Ergastolo, il confronto col resto del mondo
Sia nel sistema italiano che in una buona parte dei sistemi contemporanei, la condanna all’ergastolo può infatti tradursi in concreto (sia in fatto che in diritto) in una privazione della libertà per un tempo non perpetuo ma determinato, essenzialmente per effetto della liberazione condizionale, cui il condannato può accedere (a determinate condizioni) dopo l’espiazione di una certa quantità di pena, il cui esito positivo può poi produrre l’estinzione della pena. A complicare il quadro sta poi la circostanza che, in alcuni sistemi che non prevedono l’ergastolo, la legge contempla però pene temporanee molto lunghe (es. 40 anni in Montenegro, 50 in Colombia, 60 in Messico), il cui effetto concreto è identico a quello di una pena nominalmente perpetua. In Norvegia, ancora, l’ergastolo non è previsto; tuttavia, se la pena non appare sufficiente to protect society, la legge consente al giudice di imporre una misura di sicurezza detentiva prorogabile in perpetuo. Ritenere che in questi sistemi l’ergastolo non sia previsto, insomma, potrebbe rivelarsi frutto di una “truffa delle etichette”.

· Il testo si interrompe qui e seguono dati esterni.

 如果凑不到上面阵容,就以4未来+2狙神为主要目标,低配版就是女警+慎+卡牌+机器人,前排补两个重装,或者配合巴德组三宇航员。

Ergastolo, i numeri del mondo
Lo stato dell’arte: al 2021, su 216 Stati del mondo, 183 mantenevano l’ergastolo, solo 33 lo avevano abrogato. Le differenze nei sistemi che prevedono l’ergastolo riguardano due aspetti: se sia prevista la liberazione condizionale e, se sì, a quali condizioni. Quanto al primo tema, dei 183 Paesi con ergastolo, 60 non prevedono la liberazione condizionale: in essi la pena è perpetua in senso proprio, salvo l’intervento di un atto di clemenza (amnistia, indulto, grazia). In Europa appartengono a questo gruppo, in particolare, il Regno Unito (per il caso di whole life order) e l’Olanda; in Ungheria la possibilità di irrogare l’ergastolo senza liberazione condizionale è addirittura scritta in Costituzione (dal 2012; unico caso al mondo). I residui 120 sistemi ammettono la liberazione condizionale (qui si colloca anche l’Italia, salvo il controverso tema dell’ergastolo ostativo, contrario alla CEDU se assunto come presunzione assoluta di non meritevolezza del beneficio), ma grandi sono le differenze in ordine ai requisiti per accedervi.

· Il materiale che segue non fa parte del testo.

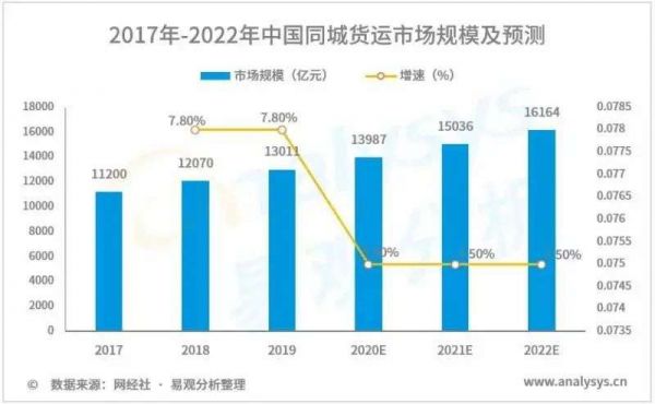 据易观数据显示,移动互联网时代同城货运量从2014年的70亿吨到2020年超过百亿吨,同比增长率超42.9%;市场规模从2014年的8000亿扩大到2020年万亿以上,以每年7%的速度迅速扩大,预计2020年后的市场规模增速将稳定在7%以上。

Solo per restare a quello della pena minima da espiarsi, e rimanendo in Europa, si va dai 12 anni di Danimarca e Svezia, ai 15 di Austria, Germania, Grecia e Svizzera, ai 18 della Francia, ai 25 di Polonia e Spagna, ai 26 dell’Italia, sino ai 30 dell’Estonia (e della Francia per taluni casi) e ai 40 dell’Ungheria (quando consentita). Lo Statuto della Corte penale internazionale (che può irrogare l’ergastolo per i reati più gravi) stabilisce che il condannato abbia diritto alla judicial review della pena decorsi 25 anni. Nel Regno Unito è il giudice a stabilire detto termine, secondo le peculiarità del caso e l’età del condannato (ma le linee guida raccomandano di non superare 30 anni). Nella medesima logica individualizzante, alcuni Stati vietano di comminare la pena perpetua a chi ha più di 60 anni. La Corte EDU, in vari pronunciamenti, ha ritenuto contrario alla Convenzione il minimo di 40 anni (caso ungherese), e non confliggente quello di 20 anni (caso lituano).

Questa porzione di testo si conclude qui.